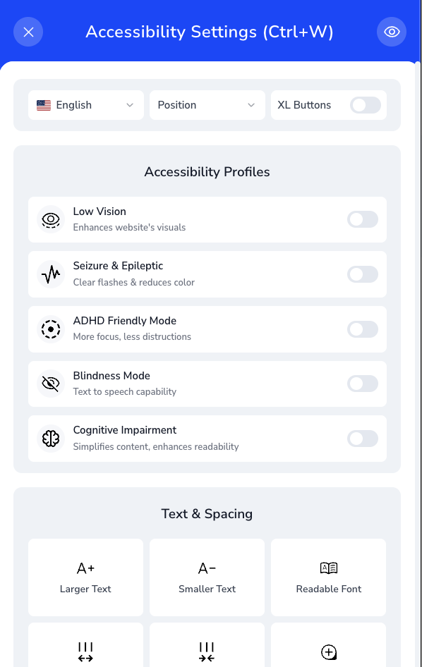 I really like how easy WideAccess is to set up and how smoothly it works right out of the box. The accessibility profiles and customization options feel genuinely useful, not just surface-level features. I also love that it supports so many languages and helps generate accessibility statements automatically. Overall, it’s simple, reliable, and makes my site feel much more accessible for everyone. Review collected by and hosted on G2.com.
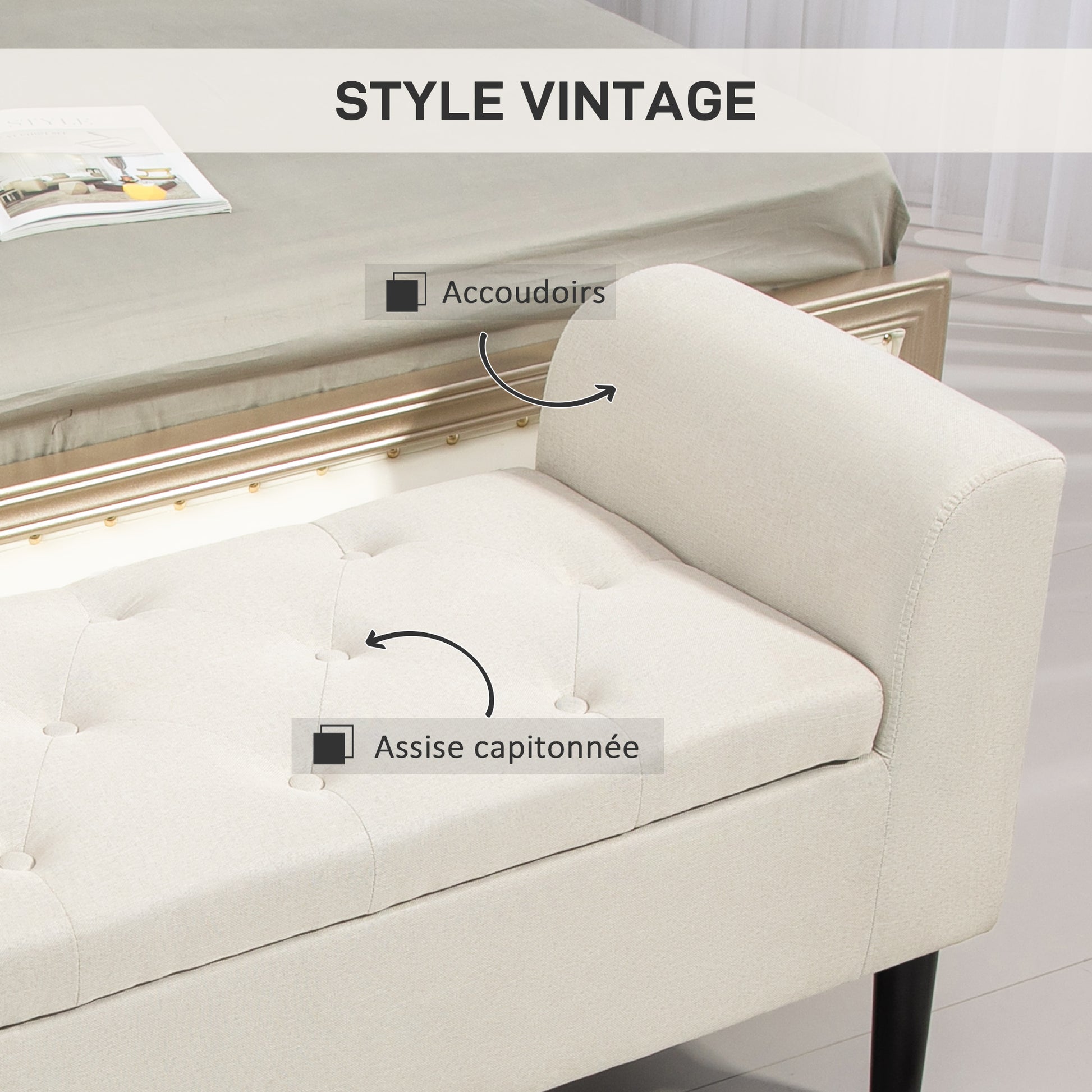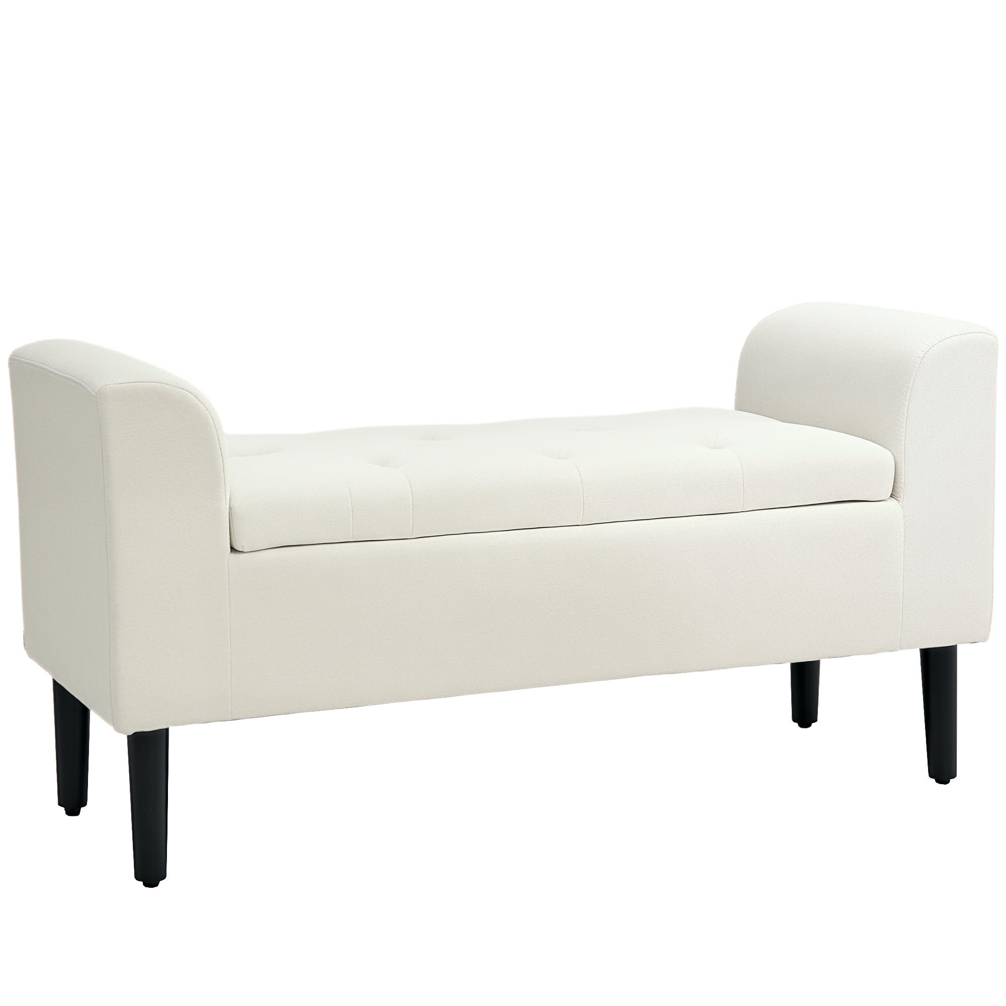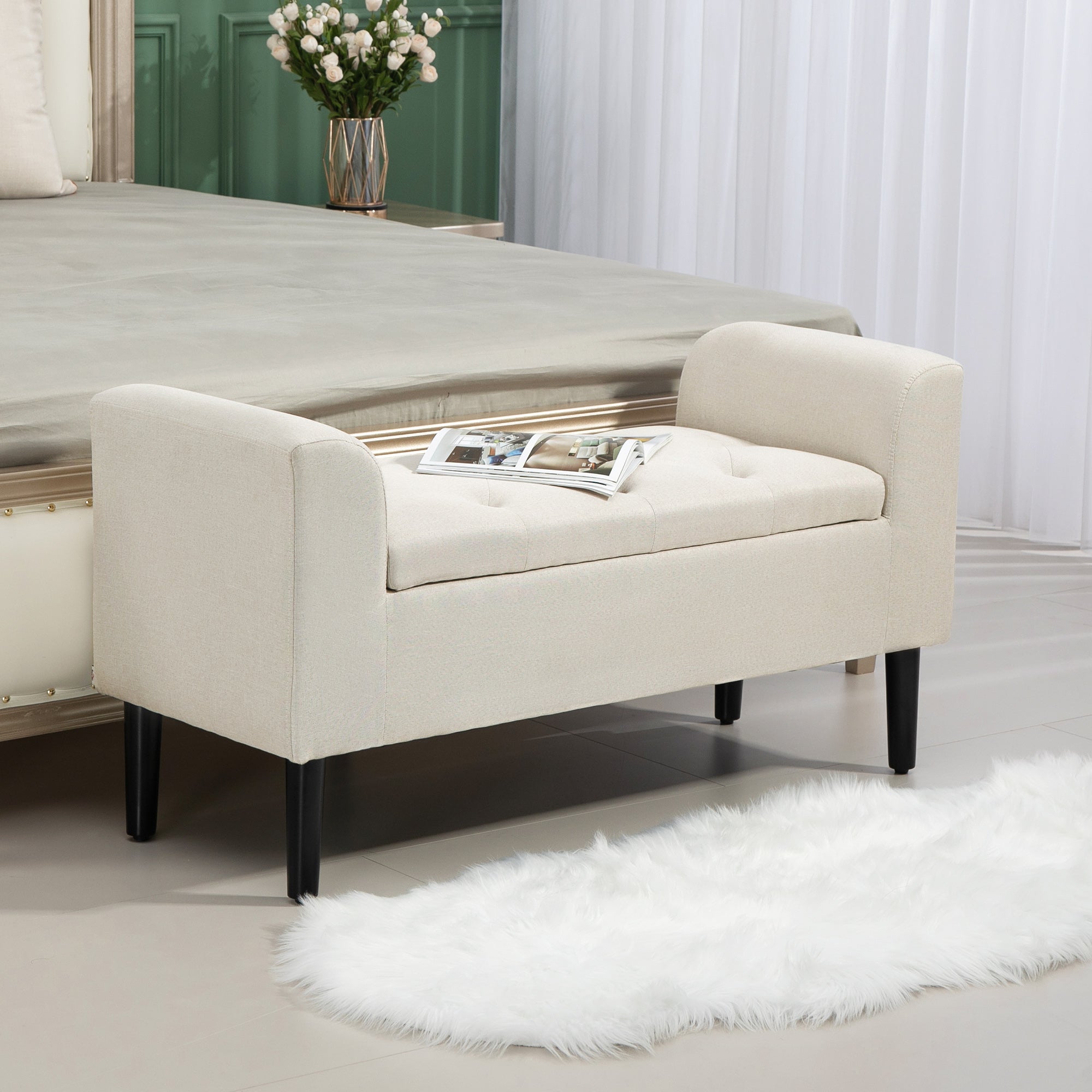 Upholstered Storage Bench with Armrests, Storage Bench for Bedroom, Entryway, Living Room, Load 130 Kg 116 x 44 x 58 cm Beige
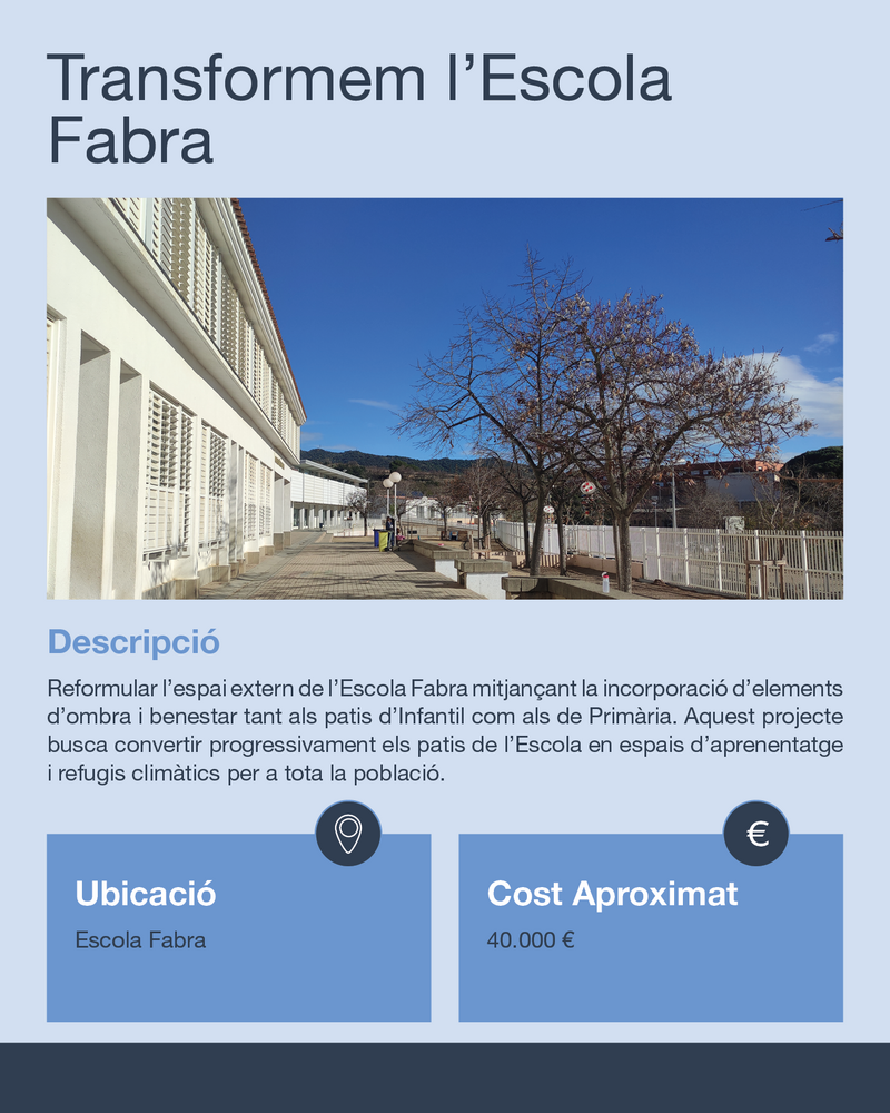 Reformular l’espai extern de l’Escola Fabra mitjançant la incorporació d’elements d’ombra i benestar tant als patis d'Infantil com als de Primària. Aquest projecte busca convertir progressivament els patis de l’Escola en espais d'aprenentatge i refugis climàtics per a tota la població, especialment per la comunitat educativa i l’alumnat de l’escola. L’objectiu és millorar la temperatura exterior i la sensació de benestar per tal que, en el futur, es puguin dur a terme activitats lectives a l’exterior sense haver de patir altes temperatures.

_____

What this task involves = Copy the listing verbatim, omitting images.

Output =
 I really like how easy WideAccess is to set up and how smoothly it works right out of the box. The accessibility profiles and customization options feel genuinely useful, not just surface-level features. I also love that it supports so many languages and helps generate accessibility statements automatically. Overall, it’s simple, reliable, and makes my site feel much more accessible for everyone. Review collected by and hosted on G2.com.
 Upholstered Storage Bench with Armrests, Storage Bench for Bedroom, Entryway, Living Room, Load 130 Kg 116 x 44 x 58 cm Beige
 Reformular l’espai extern de l’Escola Fabra mitjançant la incorporació d’elements d’ombra i benestar tant als patis d'Infantil com als de Primària. Aquest projecte busca convertir progressivament els patis de l’Escola en espais d'aprenentatge i refugis climàtics per a tota la població, especialment per la comunitat educativa i l’alumnat de l’escola. L’objectiu és millorar la temperatura exterior i la sensació de benestar per tal que, en el futur, es puguin dur a terme activitats lectives a l’exterior sense haver de patir altes temperatures.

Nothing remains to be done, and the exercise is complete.